Directed by Charlie Kaufman and Duke Johnson
Written by Charlie Kaufman from his play
Starring David Thewlis, Jennifer Jason Leigh and Tom Noonan
Runtime: 90 minutes
Charlie Kaufman had written some of the best films of the last 20 years starting with Being John Malkovich in 1999 and continuing with Adaptation in 2002 and Eternal Shine of the Spotless Mind in 2004 before making his directorial debut from his own screenplay Synecdoche, New York, which Roger Ebert dubbed the best film of the 2000s (2000-2009). His writing/directing follow-up is Anomalisa, a stop-motion animated film that is most certainly not for children that may end up as one of the best films from 2010-2019.

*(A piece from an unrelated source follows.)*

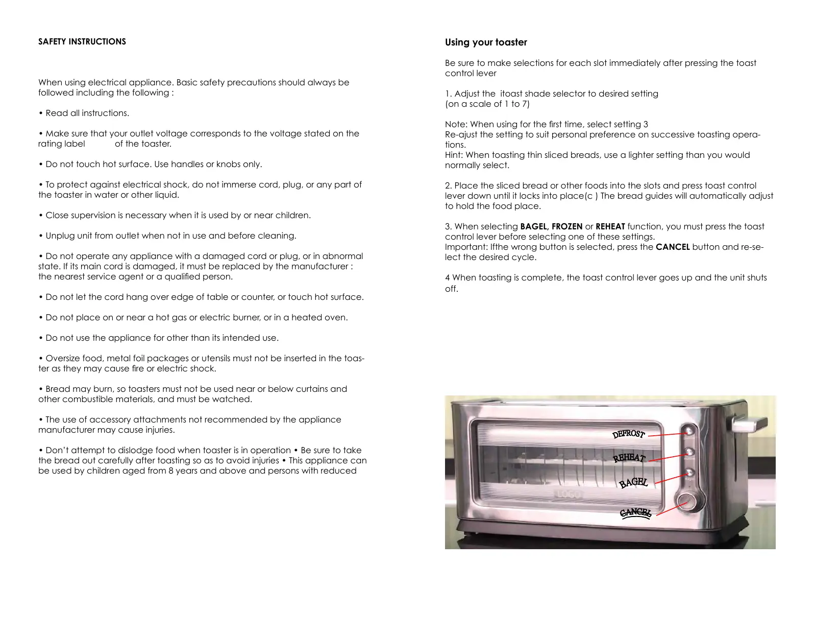 • Lire l’intégralité des consignes avant d’utiliser l’appareil. • vérifier que le voltage indiqué sur l’appareil correspond à celui de votre installation domestique. • Ne pas toucher les surfaces chaudes. N’utiliser que les poignées et boutons prévus. • Afin d’éviter tout risque d’incendie, de décharge électrique ou de blessures, ne pas immerger le cordon, les prises électrique ou le grillepain dans l’eau ou tout autre liquide. • Une surveillance rapprochée est nécessaire lorsque l’appareil est utilisé par des enfants ou à proximité d’eux. • Débrancher de la prise d’alimentation lorsque l’appareil n’est pas utilisé ou avant de le nettoyer. • Ne jamais utiliser un appareil dont le cordon ou la prise serait endommagé, ou si l’appareil fonctionne mal ou est abimé. Ramener l’appareil auprès d’un SAv agréé pour examen, réparation ou réglage. • Ne pas laisser le cordon pendre du plan de travail ou entrer en contact avec une surface chaude. • Ne pas placer sur une plaque chauffante ou près d’elle, ni sur un brûleur électrique ou un four chaud. • Ne pas utiliser l’appareil pour un autre usage que celui pour lequel il a été conçu. • Ne pas insérer des aliments trop épais, des emballages en aluminium ou des ustensiles au risque de provoquer un incendie ou une décharge électrique. • Le pain pouvant brûler, le grille-pain ne doit pas être placé à proximité de rideaux ou de tout autre tissu inflammables et toujours sous surveillance. • L’utilisation d’accessoires qui ne sont pas recommandés par le fabricant peut être source d’in- cendie, de décharge électrique ou de blessure. • Ne pas essayer de retirer la nourriture lorsque le grille-pain est en marche. • veiller à retirer le pain avec précaution lorsqu’il est grillé pour éviter le risque de blessure.

David Thewlis lends his voice to Michael, a customer service productivity specialist who is on a speaking engagement in Cincinnati, Ohio in support or as a result of his book on the topic. Michael suffers from Fregoli Delusion, a condition that makes him view every other person as the same person (his hotel is cleverly called The Fregoli). This is why Tom Noonan is billed as voicing ‘everyone else’ as he is the voice Michael hears when anyone speaks to him, except Lisa (Jennifer Jason Leigh). Michael is severely depressed, which is either causing his disorder or his disorder is causing his depression. He’s lost sense and purpose in his life and because he has lost the ability to distinguish individuals, he’s lost the ability to tolerate anyone he speaks to. When he chances to hear Lisa in the hotel hallway, he’s overcome with joy and seeks her out. He asks she and her friend to drinks, and they are more than obliging considering they drove several hours to hear him speak the next day. Michael encourages Lisa to speak because her voice is unique to him and therefore enrapturing. Lisa doesn’t think much of herself and is confused yet flattered by the attention.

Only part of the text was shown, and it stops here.